The care home management also experienced escalating conflict with the daughter regarding daily nursing tasks. The situation reached a breaking point on 26 November 2025, when the care home issued a formal letter alleging that the daughter was routinely disrupting care and directly endangering her mother’s physical safety, making it clear that they would likely terminate PB’s placement altogether unless her contact with SB was strictly limited and closely supervised.
To prevent the immediate loss of the placement, a Lower Court Judge upheld these strict contact limits as a temporary, protective measure, choosing not to halt the process for an exhaustive trial over the disputed behaviour. SB appealed the decision, arguing that the Court had unlawfully capitulated to the provider's commercial leverage, ignored human rights obligations, and abdicated its responsibility to protect family life.
Decision:
The CoP dismissed the appeal, ruling that the initial Judge had acted entirely lawfully within a complex legal framework. The judgement acknowledged that, under Section 73 of the Care Act 2014, private care providers funding state-regulated care are treated as public authorities for the purposes of Section 6 of the Human Rights Act (HRA) 1998, thereby directly engaging the Article 8 right to respect for private and family life. Further, Regulation 9A of the Health and Social Care Act 2008 (Regulated Activities) Regulations 2014 (or HSCA 2008), imposes a positive obligation on providers to facilitate family visits using the least restrictive measures possible under the oversight of the Care Quality Commission (CQC).
However, the Court emphasised that regulatory duties do not change commercial realities. Care homes operate under contractual arrangements that allow providers to terminate residency. The welfare court has no legal jurisdiction to rewrite these private contracts or block a lawful eviction pursued through the County Court. Faced with a binary choice between a restricted but stable placement and a sudden, chaotic eviction into a community vacuum, a Judge is entitled to treat the preservation of the placement as a core welfare priority. Protecting a vulnerable adult's roof is not an abdication of judicial duty; rather, it is a recognition that losing a specialised placement causes materially greater harm than continuing a less-than-ideal, restricted arrangement.
Implications:
For families, attorneys, and deputies, this ruling conveys several important lessons. It confirms that, while you have a legal right to fight for family contact, care providers hold significant leverage through their standard contractual termination rights. If a provider threatens eviction due to relationship friction, the Court will prioritise keeping your loved one safely housed over your right to unsupervised visits, focusing on present realities rather than resolving historic disputes.

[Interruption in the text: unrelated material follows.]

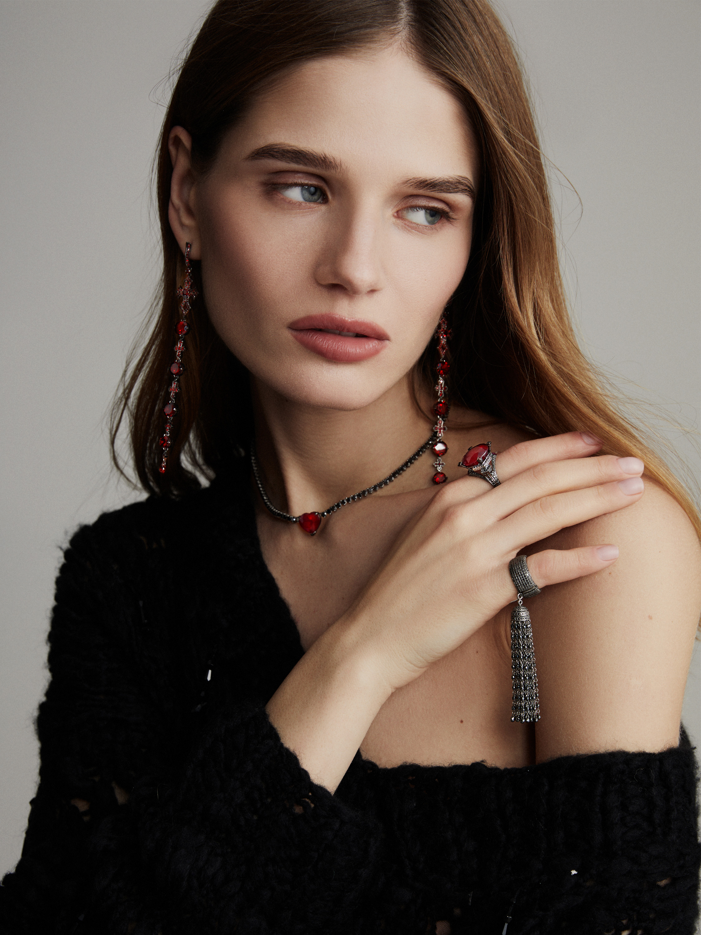 Necklace in blackened gold, inlaid with a heart-cut ruby weighing 8.01 ct and 206 black round-cut diamonds with a total weight of 9.15 ct.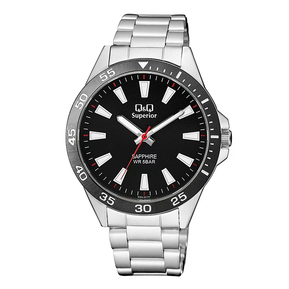 Q&Q férfi karóra, quartz, ezüst színű acél tok, ezüst színű acél karcsat, fekete számlap, (Superior) S08A-001PY

Additionally, this judgement outlines that these restrictive contact arrangements are never permanently fixed or immune to challenge. Local authorities are thus placed under a continuous, vigilant duty during Section 21A reviews to keep contact limits under active and meaningful scrutiny. Any further unauthorised reductions in contact, or any material change in circumstances—such as a shift in the provider's stance or the emergence of a realistic alternative placement—will require the welfare balance to be revisited. Finally, even when formal court proceedings end, ongoing concerns regarding the quality of day-to-day care must be continuously managed through the standard deprivation of liberty authorisation safeguards (DoLS) under Schedule A1 of the Mental Capacity Act (MCA) 2005.